At 3:36 PM +0100 7/15/10, Alissa Cooper wrote:
If you have specific ideas of other spots where the document over-promises,
a list would be appreciated. I can take further clarifications back to the
secretariat or whoever the responsible party is.
For me, the biggest over-promise is that someone reading the document might
think that there is some remedy if the I* fails to live up to it.
There is and its litigation. Also not having the policy also causes the
same liability and there is significant precedent to prove this... So it
doesnt matter from a liability standard whether the IETF puts this in
place or not, the IETF is liable already
The best part is the intentional destruction of evidence of anything is
very very expensive these days and the IETF needs to 'get' that the
people in this WG have no real interest in making the IETF legally
functional - they have the interest in providing as much smoke and
mirrors as it takes to say "we have a policy so go away"...
http://www.google.com/search?q=spoliation+sanctions&sourceid=ie7&rls=com.microsoft:en-us:IE-SearchBox&ie=&oe=
and the above search should give you what you need to see this is true...
Todd Glassey
The line between principles and promises in your document is quite unclear.
Very specifically: I don't want the IETF to adopt your document if it opens
up an avenue for an aggrieved participant (which, in the IETF, is anyone who
knows how to subscribe to a mailing list, even this one) can cause damage to
the IETF if the IETF doesn't meet the promise in that person's eyes.
If you feel that it is valuable to list privacy principles for an
organization like the IETF, great. If you want the IETF to promise something
that would cost us money or, possibly worse, much lost time from the I*,
please don't move this forwards.
There are already many reasons why some people don't participate in the IETF.

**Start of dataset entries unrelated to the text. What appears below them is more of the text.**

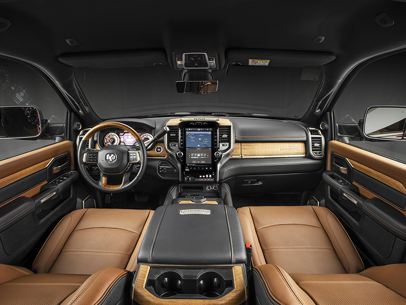 RAM 3500 Limited Longhorn (R$ 529.990) >> Todos os itens das duas primeiras versões da gama (exceto acabamentos externos e internos escuros ou na cor da carroceria da Laramie Night Edition) mais: faróis Full LED Matrix (direcionais); grade e rodas com desenho exclusivo; ganchos de reboque e molduras das janelas com acabamento cromado; revestimento marrom e preto em couro Natura Plus; acabamentos internos com madeira legítima; tapetes especiais; emblema da versão no console central e opção de pintura two-tone (Branco Pérola com Marrom Walnut). (Fotos: divulgação RAM / Instagram: @acelerandoporai.com.br)
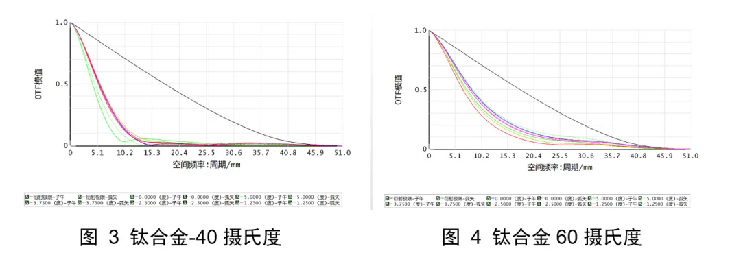 与20℃相比,-40℃和60℃时的MTF发生了明显的下降。这是使用铝合金作为机械结构的MTF结果,如果替换为钛合金,输入TCE值为9.5,下方两个图给出了相应的MTF结果,显然在本文演示的案例中,使用钛合金的MTF下降程度要轻于铝合金。
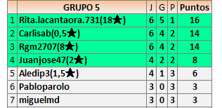 En está página se irán publicando los resultados de las diferentes partidas, siendo ambos jugadores responsables de subirlos o de comprobar que ya hayan sido publicados insertando un COMENTARIO en la parte inferior de la pantalla (opción “Deja tu comentario”), indicando el nombre de los dos jugadores y los puntos obtenidos en la partida.
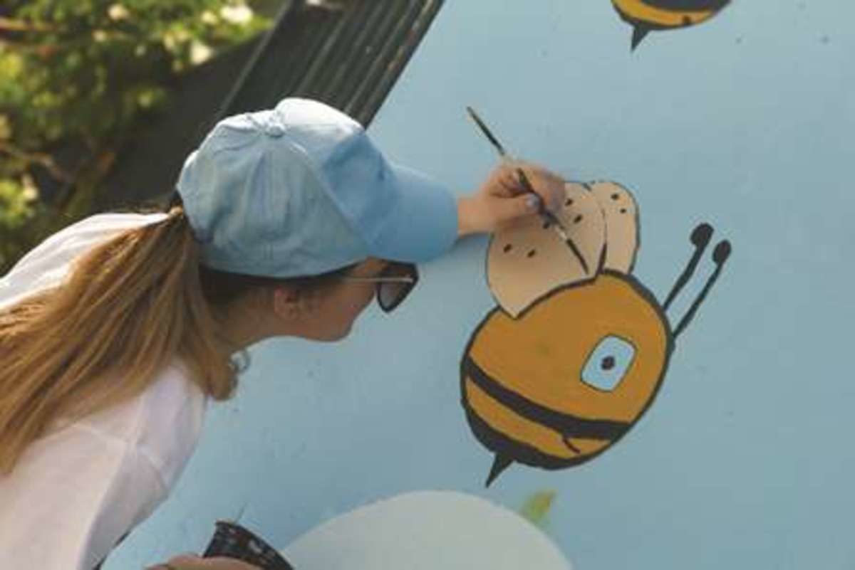Η ομάδα εθελοντών ζωγράφισε, επίσης, δημιουργικά και τους εξωτερικούς τοίχους.
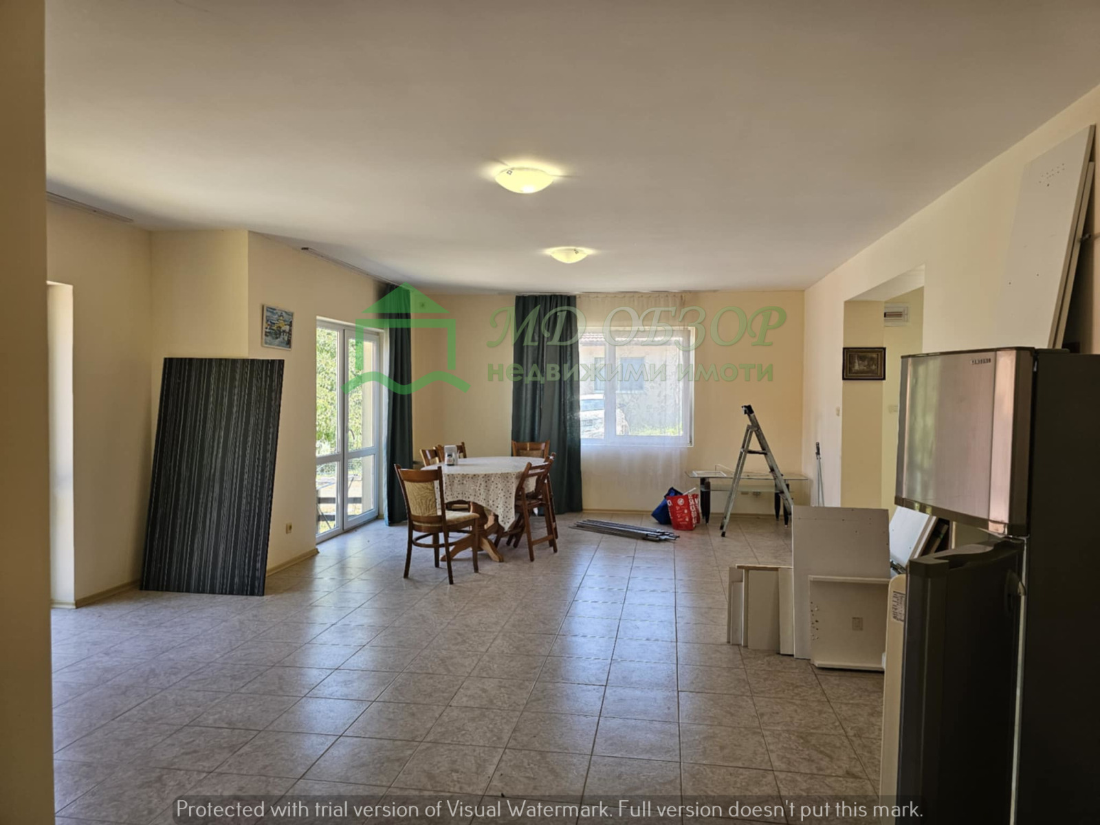 Къщата е със застроена площ от 122кв.м. със следното разпределение: дневна с кухня и трапезария, три спални, баня, тоалетна и открита панорамна тераса. Конструкцията на сградата е стоманобетон и тухли, покривът е дървена конструкция и керемиди, като таванът е окачен гипсокартон. ПВЦ дограма ; стени латекс; под ламиниран паркет и теракота; оборудвана баня с душ кабина. Монтиран СОТ. Сградата е изградена през 2010г. и има разрешение за ползване; самостоятелни партиди за ток и вода. В комплекса има на разположение открит басейн, ресторант и постоянна охрана. Ползването на басейна е по желание на собствениците.
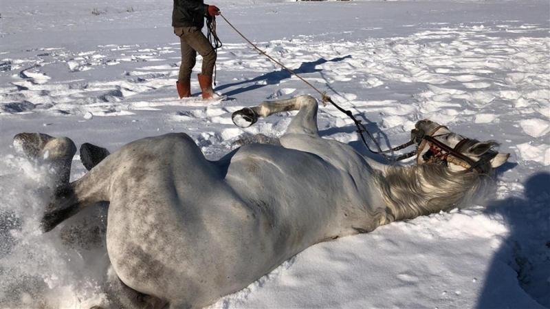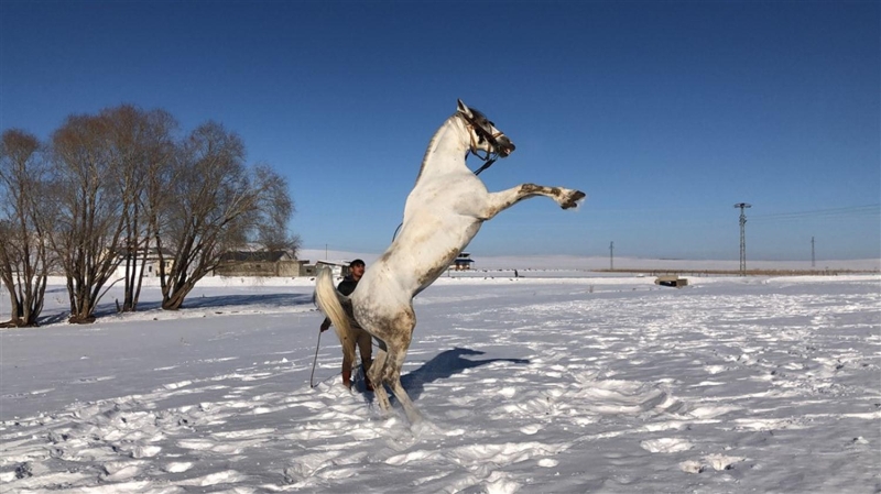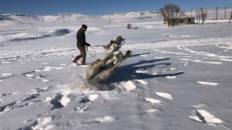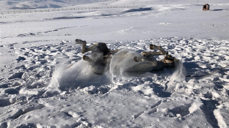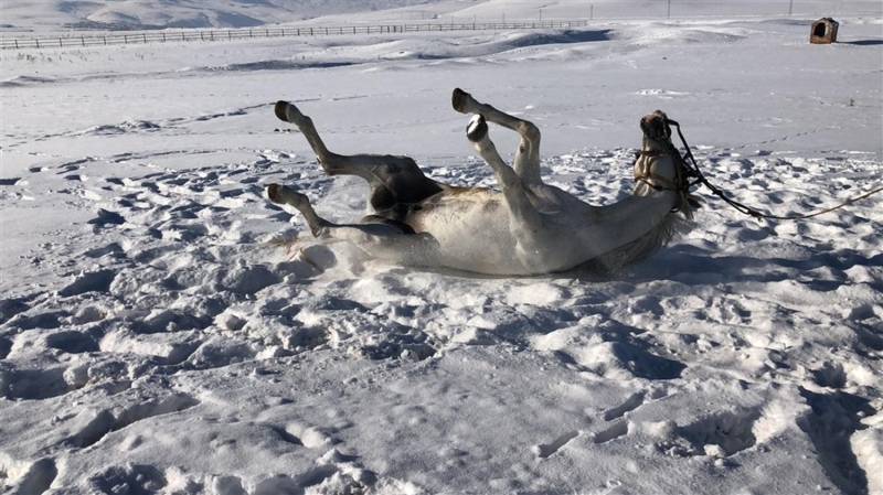 Kars Kafkas Atlı Spor Kulübü'nün meşhur atı 'Poyraz', karların üzerinde uzun süre yuvarlandı.

For some, the IETF is too informal for their comfort; those folks gravitate
towards other SDOs who have more formal membership and rules. For some, the
inability to rant freely on mailing lists without being barred is too high a
bar. For some, If we lose a few people (and it does seem like a very few) for
lack of a privacy policy that could be enforced by civil law or threat of
civil lawsuits, that may be an acceptable risk.